## ACTIVITY
The copy must match the data below line for line and contain no images.

------ INFORMATION SHOWN ------

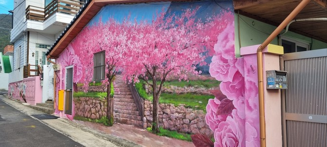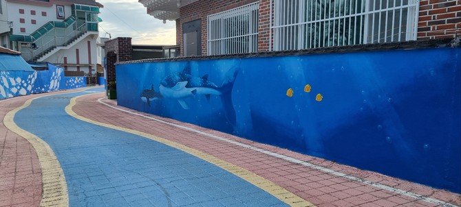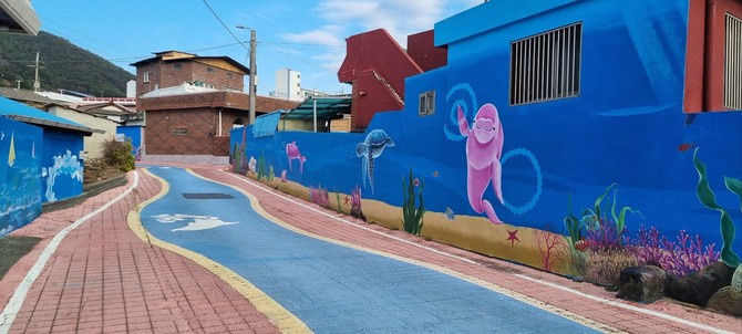 바다와 연결된 바다길은 푸른 바다와 사천시를 대표하는 상괭이를 표현해 바다의 평화로운 분위기를 표현했고, 꽃길은 청룡사 겹벚꽃, 와룡산 철쭉 등의 벽화로 지역의 꽃과 자연의 아름다움을 표현했다.
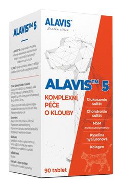 ALAVIS 5 vyživuje kloubní chrupavky, podporuje promazávací vlastnosti kloubní tekutiny, napomáhá při pohybových problémech u psů a koček. ALAVIS 5 obsahuje kombinaci látky MSM a chondroprotektivních látek – glukosamin sulfátu, chondroitin sulfátu, kyseliny hyaluronové a kolagenu.
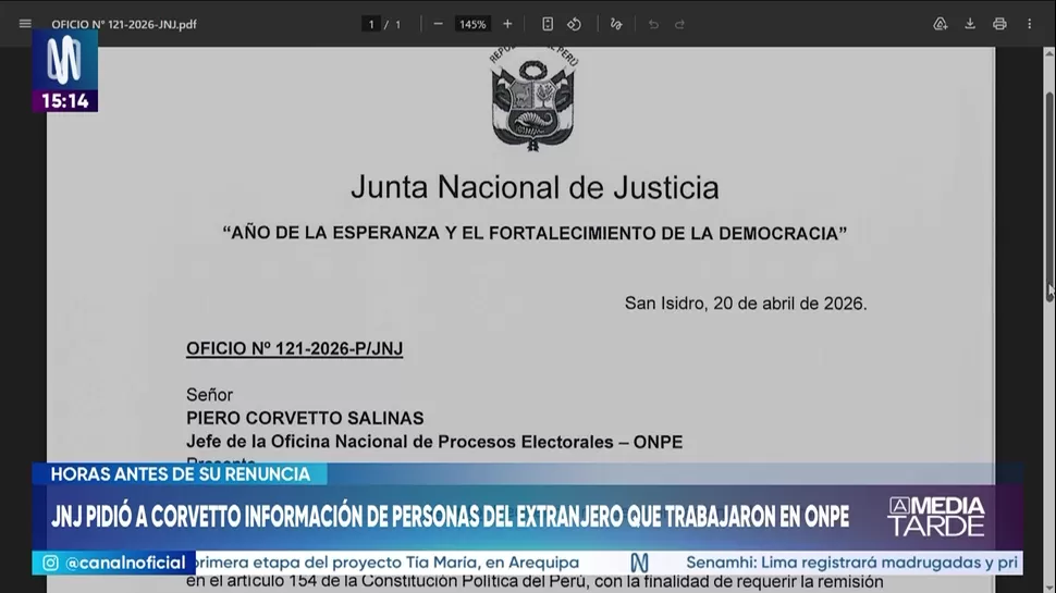 La Junta Nacional de Justicia (JNJ), a través de un oficio oficial, solicitó formalmente al jefe de la Oficina Nacional de Procesos Electorales (ONPE), Piero Corvetto -quien renunció este martes al cargo-, un informe pormenorizado sobre el personal de nacionalidad extranjera que presta servicios en dicha entidad. Este requerimiento se realiza en el marco de las competencias constitucionales de la Junta para supervisar el correcto funcionamiento de los organismos que integran el sistema electoral.
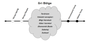 Hibrit savaşın daha iyi anlaşılabilmesi için “gri bölge” ifadesini açıklamak gerekir.[8] Gri bölge, “siyasi hedeflere ulaşmak maksadıyla askerî seçeneklerin uygun olmadığı veya çeşitli sebeplerle uygunsuz görüldüğü alandır.” (Şekil 2). Gri bölgede ise hibrit savaşın kullandığı teknikler ve taktikler yer almaktadır. Gri bölge stratejisinde kurallar yoktur ve sınırlar muğlaktır. Hibrit savaş bu bölge özellikleri üzerine inşa edilmektedir.

------

## TASK SOLUTION
 바다와 연결된 바다길은 푸른 바다와 사천시를 대표하는 상괭이를 표현해 바다의 평화로운 분위기를 표현했고, 꽃길은 청룡사 겹벚꽃, 와룡산 철쭉 등의 벽화로 지역의 꽃과 자연의 아름다움을 표현했다.
 ALAVIS 5 vyživuje kloubní chrupavky, podporuje promazávací vlastnosti kloubní tekutiny, napomáhá při pohybových problémech u psů a koček. ALAVIS 5 obsahuje kombinaci látky MSM a chondroprotektivních látek – glukosamin sulfátu, chondroitin sulfátu, kyseliny hyaluronové a kolagenu.
 La Junta Nacional de Justicia (JNJ), a través de un oficio oficial, solicitó formalmente al jefe de la Oficina Nacional de Procesos Electorales (ONPE), Piero Corvetto -quien renunció este martes al cargo-, un informe pormenorizado sobre el personal de nacionalidad extranjera que presta servicios en dicha entidad. Este requerimiento se realiza en el marco de las competencias constitucionales de la Junta para supervisar el correcto funcionamiento de los organismos que integran el sistema electoral.
 Hibrit savaşın daha iyi anlaşılabilmesi için “gri bölge” ifadesini açıklamak gerekir.[8] Gri bölge, “siyasi hedeflere ulaşmak maksadıyla askerî seçeneklerin uygun olmadığı veya çeşitli sebeplerle uygunsuz görüldüğü alandır.” (Şekil 2). Gri bölgede ise hibrit savaşın kullandığı teknikler ve taktikler yer almaktadır. Gri bölge stratejisinde kurallar yoktur ve sınırlar muğlaktır. Hibrit savaş bu bölge özellikleri üzerine inşa edilmektedir.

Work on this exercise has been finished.